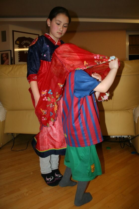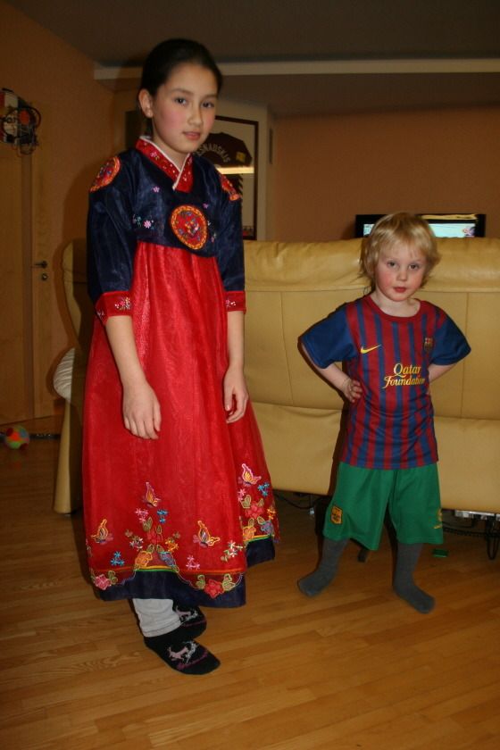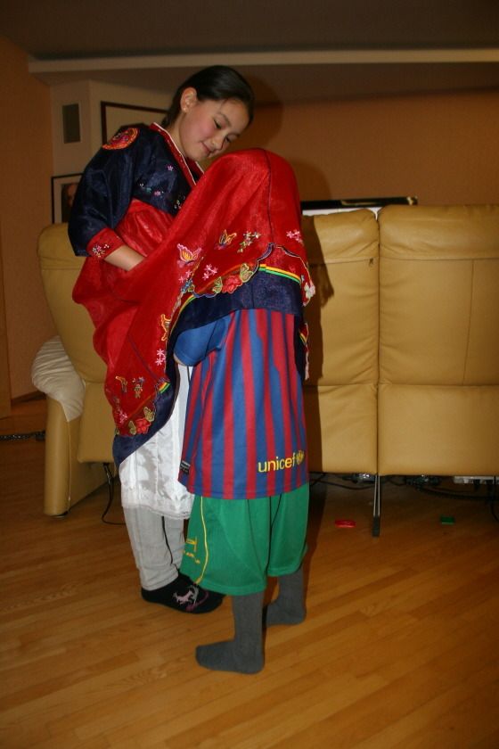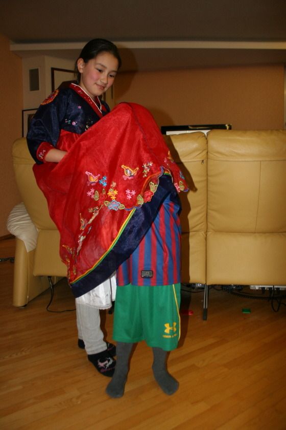 며칠 전 딸아이가 한복을 입고 가까운 친척들의 평가를 받은 적이 있었다. 과연 이 짧은 한복을 입고 노래 대회[관련글]에 나갈 것인지에 대한 의견을 구하는 자리였다. 이때 친척의 세살짜리 아들이 한복을 처음 보았다. 신기한 듯 기념 사진을 찍어달라고 자세까지 잡았다.
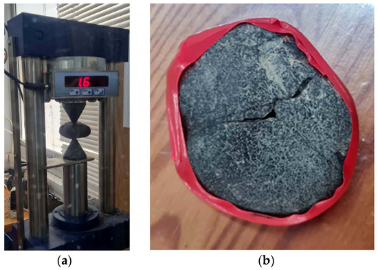 Point load tests comprehensively described in [55] were carried out to estimate the corresponding index strength of the samples with uneven shapes. The observations were conducted using the MATEST instrument (Figure 4a). The point load strength index ‘Is’ is generally used for the strength characterization of samples with irregular shapes (Figure 4b). It was calculated according to [56] as follows:
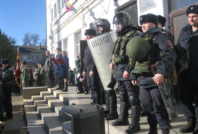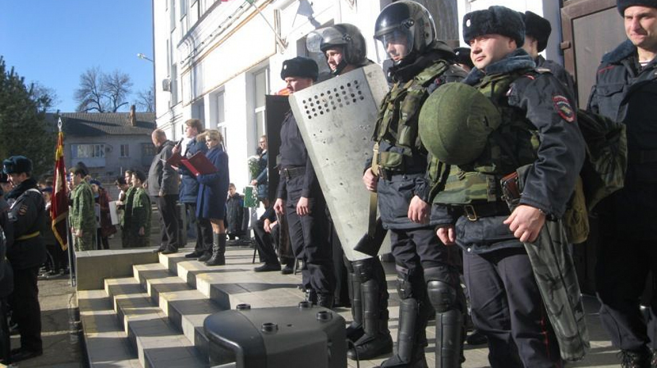 Бессмертный полк школы торжественно вынес знамя, прозвучали гимны России, Кубани и Краснодара. Кульминацией мероприятия стало показательное выступление сотрудников специального назначения.
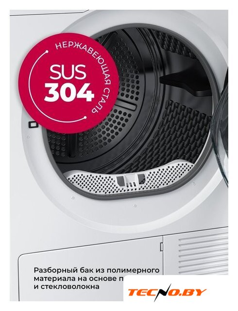 Хотя инверторная технология в данной модели не используется, это не мешает ей функционировать с высокой производительностью и низким уровнем годового энергопотребления - всего 275 кВт·ч в год. Уровень шума при сушке составляет 69 дБ, что позволит использовать прибор практически в любое время дня.
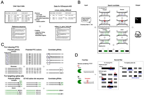 After preprocessing, KOnezumi-AID accepts a gene symbol or RefSeq ID as input from the user and identifies the optimal gRNA candidates for knocking out the target gene. The gRNA design strategy of KOnezumi-AID focuses on inducing a PTC or causing a frameshift mutation by disrupting the splice acceptor or donor consensus nucleotides [11,12,13,14]. Experiment-ready gRNAs are printed to the standard output and saved as comma-separated value (CSV) files in the directory konezumiaid_data/output (Figure 1B).
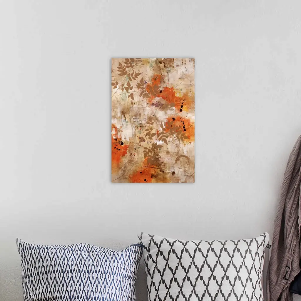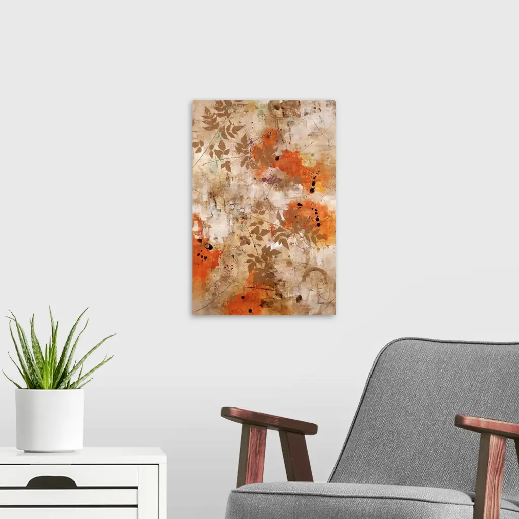 Abstract artwork that has splashes of orange and small branches with leaves painted over the print.
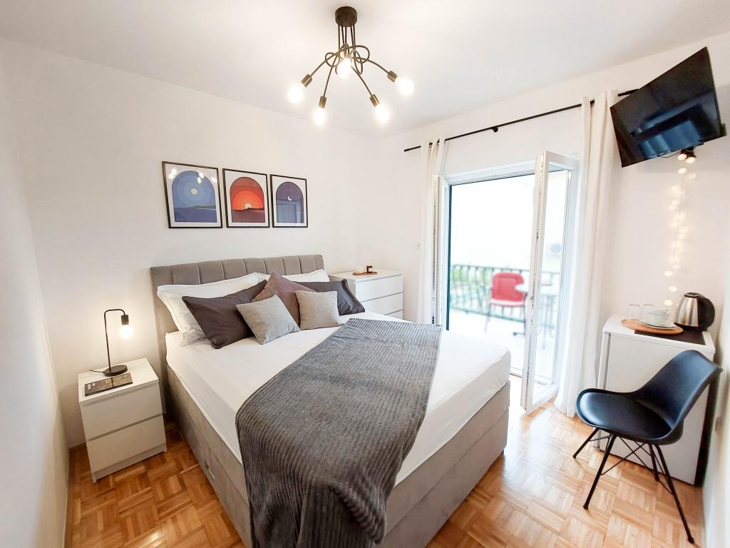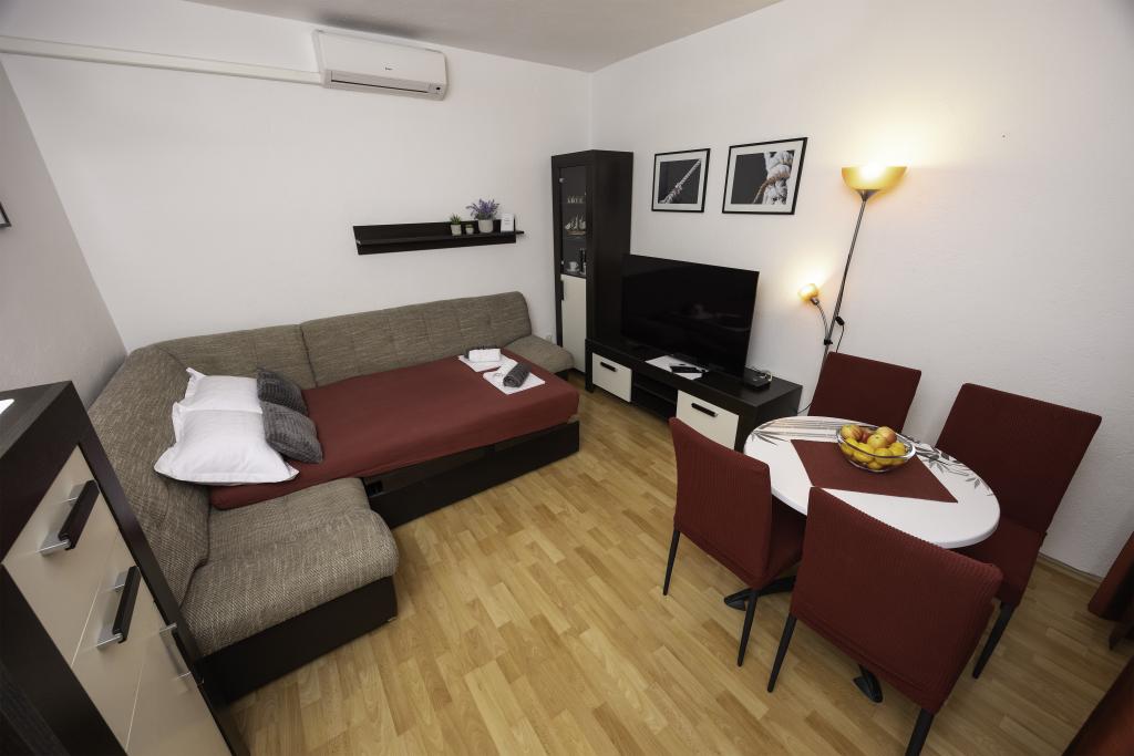 Apartamentul este situat în apropiere de plaja, cca. 1-2 minute pe jos. Aer conditionat in ambele camere, cu un control de la distanță separat, balcon de Biokovo, parcare super-. Sefii au fost foarte politicos și plăcut. Apartamentul poate recomanda.
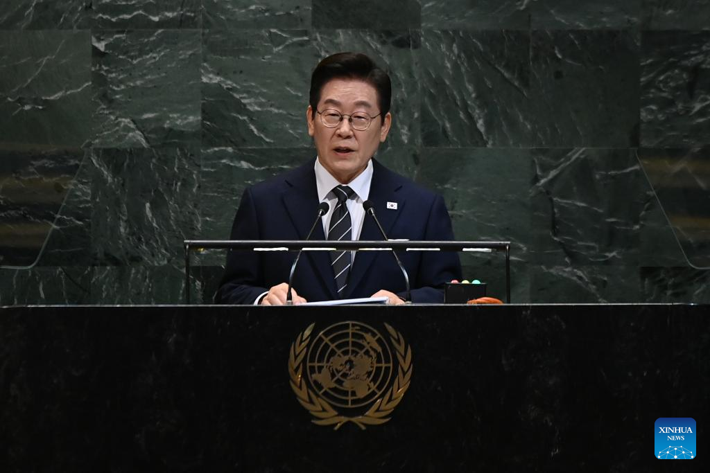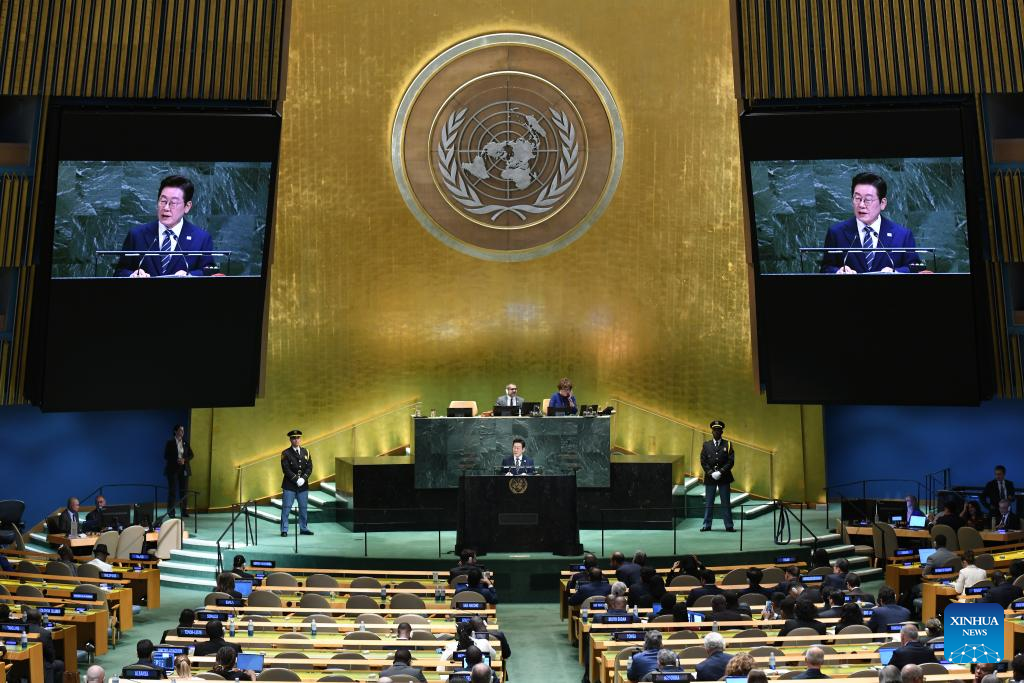 South Korean President Lee Jae-myung delivers a speech during the General Debate of the 80th session of the United Nations General Assembly (UNGA) at the UN headquarters in New York, Sept. 23, 2025. (Xinhua/Li Rui)

════

## WORK INSTRUCTIONS
From the records above, return exactly the lines running from the one that contains "After preprocessing, KOnezumi-AID" down to the one that contains "Apartamentul este situat", both included, without any pictures.

## RESPONSE BOX
 After preprocessing, KOnezumi-AID accepts a gene symbol or RefSeq ID as input from the user and identifies the optimal gRNA candidates for knocking out the target gene. The gRNA design strategy of KOnezumi-AID focuses on inducing a PTC or causing a frameshift mutation by disrupting the splice acceptor or donor consensus nucleotides [11,12,13,14]. Experiment-ready gRNAs are printed to the standard output and saved as comma-separated value (CSV) files in the directory konezumiaid_data/output (Figure 1B).
 Abstract artwork that has splashes of orange and small branches with leaves painted over the print.
 Apartamentul este situat în apropiere de plaja, cca. 1-2 minute pe jos. Aer conditionat in ambele camere, cu un control de la distanță separat, balcon de Biokovo, parcare super-. Sefii au fost foarte politicos și plăcut. Apartamentul poate recomanda.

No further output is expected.